Durability has been a critical barrier for widespread commercialization of Proton Exchange Membrane Fuel Cells (PEMFCs). Chemical degradation and mechanical damage in the membrane electrode assembly (MEA) are major sources of failure. Mechanical stresses developed in the MEA are primarily responsible for the mechanical damage. Therefore, investigating the mechanical behavior of the MEA is an important step toward understanding the fuel cell failure mechanisms and providing a science base for increasing the durability of PEMFCs. This dissertation work is aimed at investigating the mechanical behavior of the MEA to further develop that understanding.

A 2-D finite element model of a representative unit of fuel cell is developed to investigate the effects of gas diffusion layer (GDL) modulus and land-groove geometry on the mechanical stresses developed in the membrane during a simplified hygro-thermal loading/unloading cycle. The results suggest that the in-plane stress in the membrane from clamping is due to two factors:​ the effect from the through-the-thickness deformation gradient (bending-like rotational deformation) in the GDL and the Poisson’s effect in the membrane. The results of the geometric studies provide a science base for optimizing fuel cell land-groove geometry to improve the durability of PEMFCs.

To better understand the mechanical behavior of the MEA, the time-dependent material properties of a PFSA membrane (Nafion® 211 membrane) and ePTFE-reinforced Nafion® 211 membrane are measured experimentally at various strain rates, temperatures and humidities. These experimental results characterize the relationship between the mechanical properties of the membranes and the strain rate, temperature as well as humidity. The results also show that the reinforced membrane has significantly higher Young's modulus and proportional limit stress as compared to the unreinforced Nafion® 211 membrane under same environmental and load condition.

The time-dependent material properties of the electrodes are also studied. The electrodes are typically sprayed or painted onto the membrane during manufacturing and therefore do not exist as independent solid materials. Consequently, it is difficult to directly characterize the mechanical behavior of the electrodes. A numericalexperimental hybrid reverse analysis technique is devised to extract the electrode properties from the experimentally measured properties of the Nafion® 211 membrane and the MEA based on the Nafion® 211 membrane at various temperatures, humidities, and strain rates. The results suggest that the electrode behaves similarly to the Nafion® 211 membrane but has lower elastic modulus.

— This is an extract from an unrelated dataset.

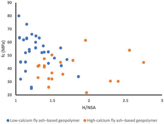 Figure 5 displays the relationship between geopolymer compressive strength and H/NSA ratio. The strength difference mentioned above can be explained by the reaction that occurred in low- and high-calcium fly ash–based geopolymers.

The mechanical damage mechanisms in the MEA during tensile loading are also investigated through interrupted tension tests.

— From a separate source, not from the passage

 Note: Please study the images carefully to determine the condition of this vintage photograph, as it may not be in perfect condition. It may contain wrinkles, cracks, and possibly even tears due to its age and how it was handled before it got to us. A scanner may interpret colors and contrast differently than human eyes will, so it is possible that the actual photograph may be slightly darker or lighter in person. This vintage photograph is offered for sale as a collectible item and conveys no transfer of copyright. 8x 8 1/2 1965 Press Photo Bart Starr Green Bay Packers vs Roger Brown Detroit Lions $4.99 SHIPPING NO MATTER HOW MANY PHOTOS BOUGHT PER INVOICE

Lastly, the time-dependent material properties of the membrane and electrodes are characterized by a two-layer viscoplastic constitutive model and then incorporated into finite element models of a typical fuel cell unit to study the mechanical stresses developed in the MEA and opening of pre-existing cracks in the electrodes during hygro-thermal cycling. The results suggest that the mechanical stresses developed in the MEA are significantly affected by the hydration-dehydration feed rate and hydration-dehydration hold time. The results of the crack studies indicate under what conditions the pre-existing cracks in the electrodes will open during hygro-thermal cycling and the resulting effects on the mechanical stresses developed in the MEA.